WHAT YOU NEED TO DO
Omit every picture and return the rest of the data unaltered.

DATASET EXCERPT
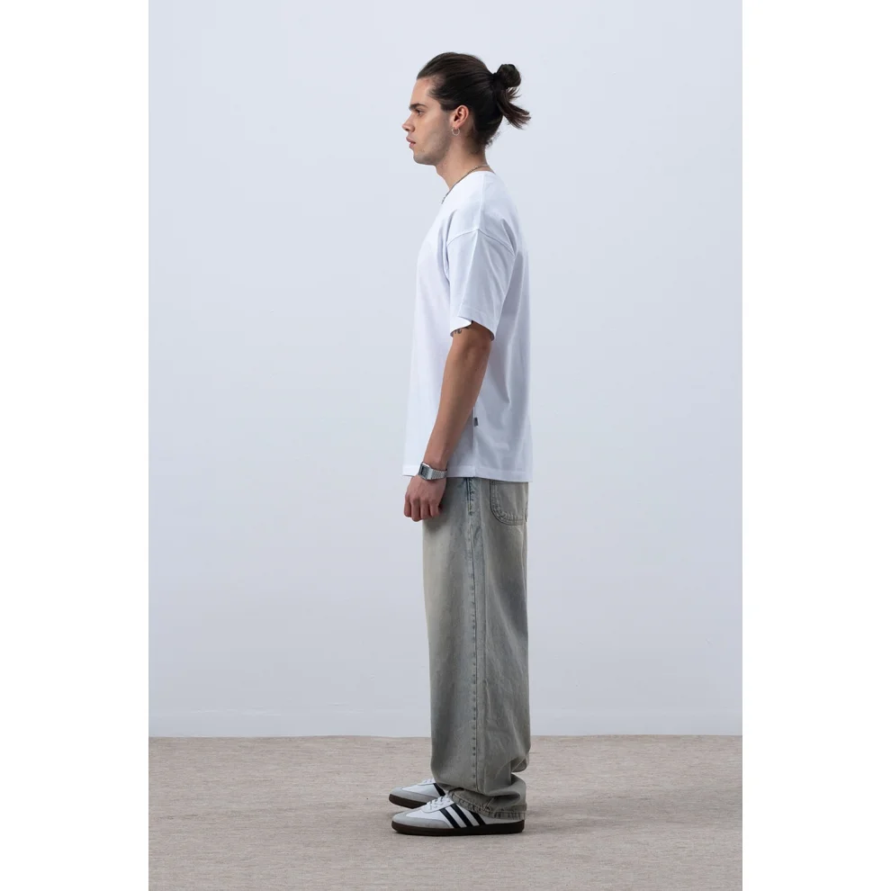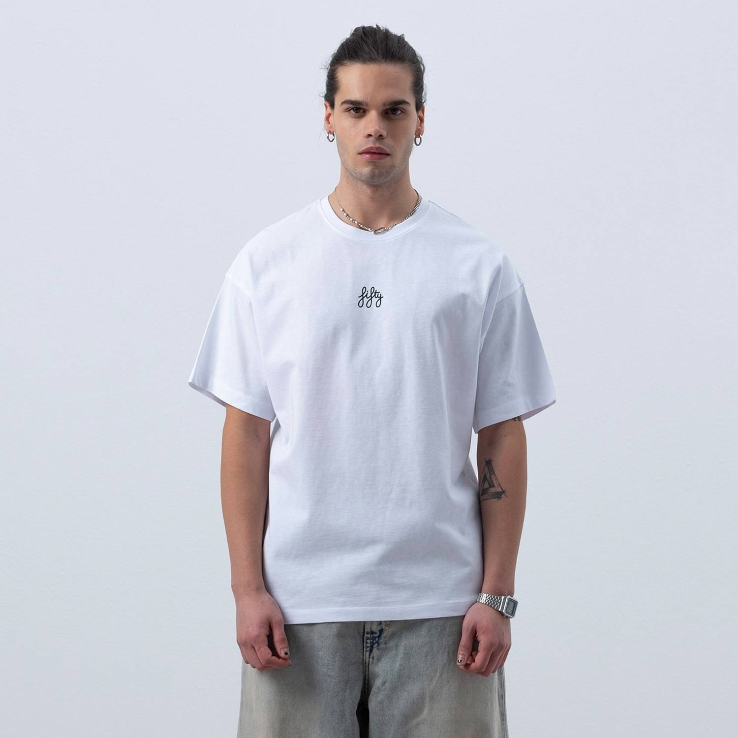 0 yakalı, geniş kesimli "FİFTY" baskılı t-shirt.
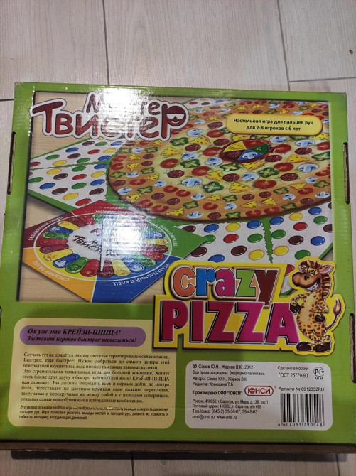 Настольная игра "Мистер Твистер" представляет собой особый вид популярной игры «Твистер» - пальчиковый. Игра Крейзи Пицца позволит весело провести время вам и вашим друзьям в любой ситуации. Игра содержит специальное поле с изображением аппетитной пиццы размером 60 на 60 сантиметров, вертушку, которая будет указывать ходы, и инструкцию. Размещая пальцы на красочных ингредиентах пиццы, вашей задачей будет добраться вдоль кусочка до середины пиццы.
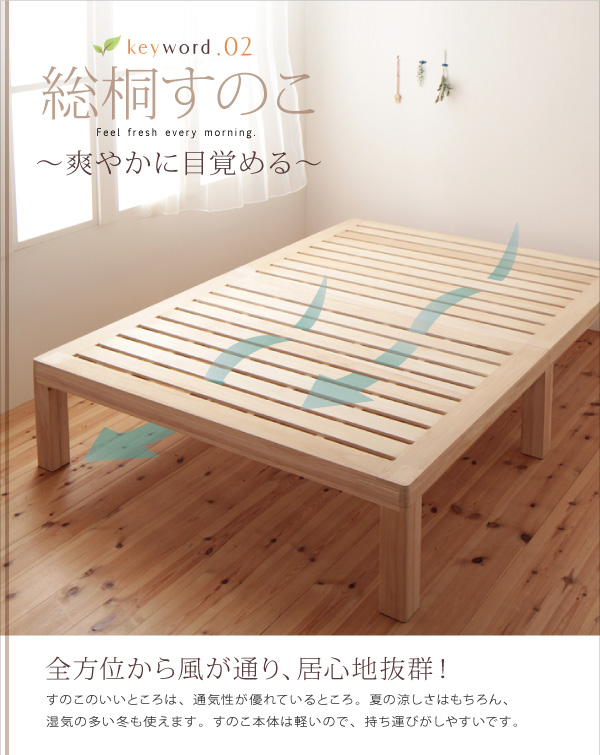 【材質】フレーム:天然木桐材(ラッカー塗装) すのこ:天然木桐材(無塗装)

OUTPUT FOR THIS TASK
 0 yakalı, geniş kesimli "FİFTY" baskılı t-shirt.
 Настольная игра "Мистер Твистер" представляет собой особый вид популярной игры «Твистер» - пальчиковый. Игра Крейзи Пицца позволит весело провести время вам и вашим друзьям в любой ситуации. Игра содержит специальное поле с изображением аппетитной пиццы размером 60 на 60 сантиметров, вертушку, которая будет указывать ходы, и инструкцию. Размещая пальцы на красочных ингредиентах пиццы, вашей задачей будет добраться вдоль кусочка до середины пиццы.
 【材質】フレーム:天然木桐材(ラッカー塗装) すのこ:天然木桐材(無塗装)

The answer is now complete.